所以可以枚举修改多少个数字,然后二分出减法最少要做多少次。
#include <bits/stdc++.h>
using namespace std;
#define int __int128
const int inf = 1e15;
using ll = long long;
int read() {
int x = 0, f = 1, ch = getchar();
while ((ch < '0' || ch > '9') && ch != '-') ch = getchar();
if (ch == '-') f = -1, ch = getchar();
while (ch >= '0' && ch <= '9') x = (x << 3) + (x << 1) + ch - '0', ch = getchar();
return x * f;
}
void solve() {
int n, k, sum = 0;
n = read() , k = read();
vector<int> a(n + 1);
for (int i = 1; i <= n; i++)
a[i] = read(), sum += a[i];
if (sum <= k) {
cout << "0\n";
return;
}
sort(a.begin() + 1, a.end(), greater<int>());
int res = sum - k;
for (int i = 1, pre = 0; i < n; i++) {
if (res <= i) break;
pre += a[i];
int l = 0, r = inf, ans = 0;
for (int mid; l <= r;) {
mid = (l + r) >> 1;
if (sum + i * a[n] - pre - (i + 1) * mid <= k) ans = mid, r = mid - 1;
else l = mid + 1;
}
res = min(res, i + ans);
}
cout << (ll)res << "\n";
return;
}
int32_t main() {
ios::sync_with_stdio(0), cin.tie(0);
for (int t = read(); t; t--)
solve();
return 0;
}
D. Shuffle
首先可以想到一个比较正确的做法。
先选择连续的\(k\)个\(1\),然后找到只包含这些\(1\)的最大子区间。子区间长度为\(len\),则排列方式有\(C_{len}^{k}\),其中产生变换的排列方式有\(C_{len}^{k}-1\)种,所以答案为\(\sum (C_{len}^{k}-1)\)。
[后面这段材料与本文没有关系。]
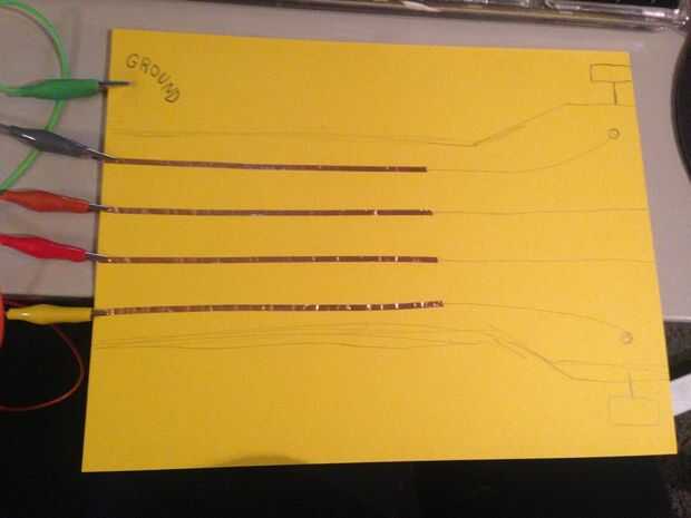 Un abierto bajo... de papel! Utilizando Makey Makey, cinta de cobre, un LED y algunos cables de puente.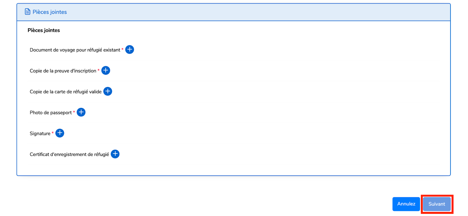 Téléchargez les pièces jointes requises dans le format correct, puis cliquez sur Suivant .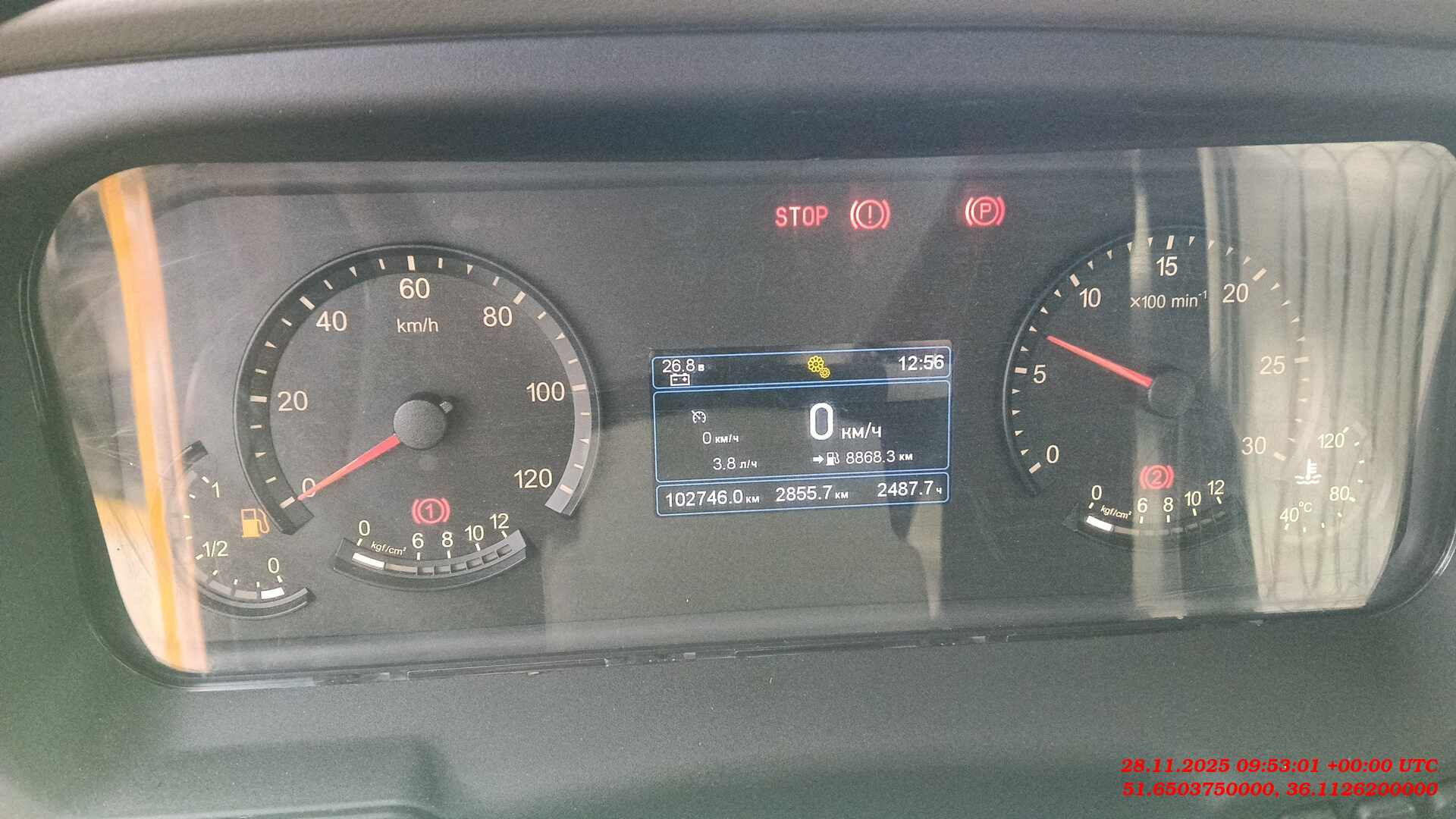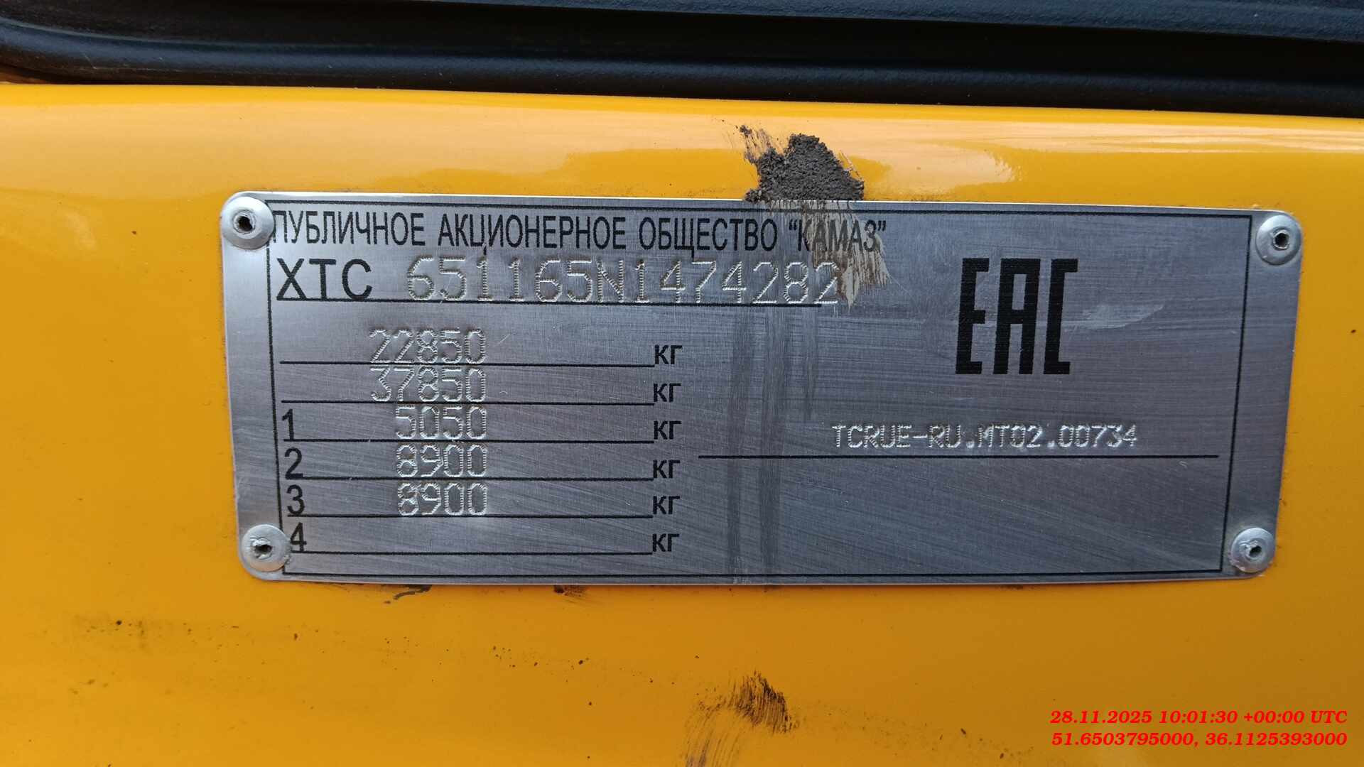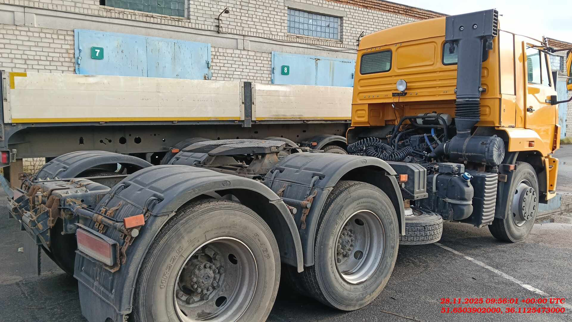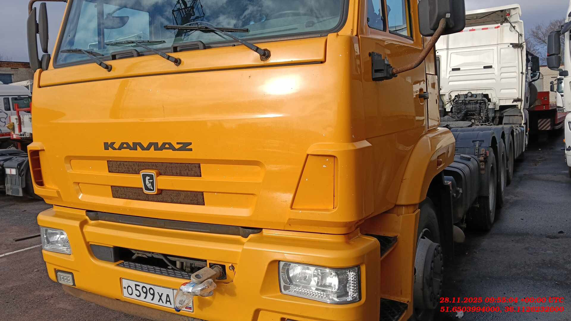 Ответственный за реализацию: Миллер Алексей. Адрес стоянки: г. Курск, Первомайская 139а. Экологический фактор (уровень евро) Евро-5 Мощность двигателя, л.с. 292 л.с. Нагрузка на ССУ, кг 15500 Число передач КП 9 Двигатель производитель модель КАМАЗ 667.510-310 (Е-5), Полная масса автомобиля, кг 22850 Технически допустимая общая масса автомобиля, кг 22850 на задний мост, кг 5050 Колесная формула 6x4 Высота ССУ, мм 1330 Коробка передач, тип ZF Тип кабины высокая со спальным местом , рестайлинговая, аэродинамический козырек Топливный бак, л 350 Снаряженная масса автомбиля, кг 7275 на переднюю ось, кг 17800 Максимальный крутящий момент, Нм 1087 Размерность шин 11R22.5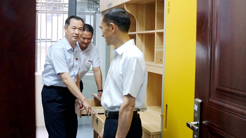 校领导深入走访了此次新竣工验收后投入启用的第二餐厅、学生公寓、立行楼、立言楼等地,对西太湖校区焕然一新的校园环境和装备设施表示充分肯定,对校园文化建设提出建议,并提出着力营造校园“坚决制止餐饮浪费行为”的良好氛围。在立言楼会议室,校领导认真听取了基建处、西太湖校区管委会和后勤服务中心负责人的近期工作汇报。邱正祥对各部门不畏酷暑、攻坚克难抓进度、确保质量抢工期的工作精神表示了充分肯定,并要求在后续工作中始终严守廉洁自律底线,继续发扬艰苦奋斗精神。徐树法对新学期工作作了部署安排,希望大家继续从思想上增强责任意识和服务意识,做好疫情防控常态化和安全、后勤保障的同时,密切配合,落细落实各项工作,以更加饱满的热情投入到新学期的工作中。

但其实我们观察样例就发现会有重复的情况。思考重复的部分是怎样产生的。对于相邻的两个区间,重合部分有前一个区间的后\(k-1\)个和后一个区间的前\(k-1\)个,所以当前一个区间的第一个不动后\(k-1\)个一定发生改变,后一个区间前\(k-1\)个一定发生改变最后一个不动,这样就会产生重复的情况。所以我们减去这部分重复的情况。特别的,第一个区间不受这种情况的影响。
#include <bits/stdc++.h>
using namespace std;
#define int long long
const int inf = 1e18, N = 5005;
const int mod = 998244353;
using ll = long long;
vector C(N, vector<int>(N, 0));
void init() {
for (int i = 0; i < N; i++) {
C[i][0] = C[i][i] = 1;
for (int j = 1; j < i; j++)
C[i][j] = (C[i - 1][j - 1] + C[i - 1][j]) % mod;
}
return;
}
int32_t main() {
ios::sync_with_stdio(0), cin.tie(0);
init();
int n, k;
string s;
cin >> n >> k >> s;
if (k == 0) {
cout << "1\n";
return 0;
}
vector<int> v;
v.push_back(-1);
for (int i = 0; i < n; i++)
if (s[i] == '1') v.push_back(i);
v.push_back(n);
int res = 0;
for (int i = 1, l, r; i + k < v.size(); i++) {
l = v[i - 1] + 1, r = v[i + k] - 1;
res += (C[r-l+1][k] - 1);
if( i != 1 ) res -= ( C[ v[i+k-1] - l ][k-1] - 1 );
res %= mod;
}
cout << ( res + 1 + mod ) % mod;
return 0;
}
E. Math Test
这道题学到了一个新技巧——对于绝对值可以直接枚举。
\[S=\sum_{i=1}^{n} |x_i-r_i| = \sum_{i=1}^{n} c_i(x_i-r_i),c_i\in\{0,1\}\\
=\sum_{i=1}^{n} c_i\times x_i - \sum_{i=1}^{n}c_i\times r_i
\]
因为\(n\le10\),所以我们可以直接枚举\(c_i\)
\[\sum_{i=1}^{n} c_i\times r_i =\sum_{i=1}^{n} c_i \times( \sum_{j=1}^{m} a_{i,j}\times p_j )\\
=\sum_{j=1}^{m} (\sum_{i=1}^{n} c_i \times a_{i,j})\times p_j
\]
令\(cnt_j=\sum_{i=1}^{n} c_i \times a_{i,j}\),则有
\[S = \sum_{i=1}^{n} c_i\times x_i - \sum_{j=1}^{m} cnt_j\times p_j
\]
当枚举出\(c_i\)后\(\sum_{i=1}^{n} c_i\times x_i , \sum_{j=1}^{m} cnt_j\)都已经确定了。为了最大化\(S\)则需要尽可能减少\(p_j\)产生的贡献,所以把 \(p_j\)按照\(cnt_j\)排序。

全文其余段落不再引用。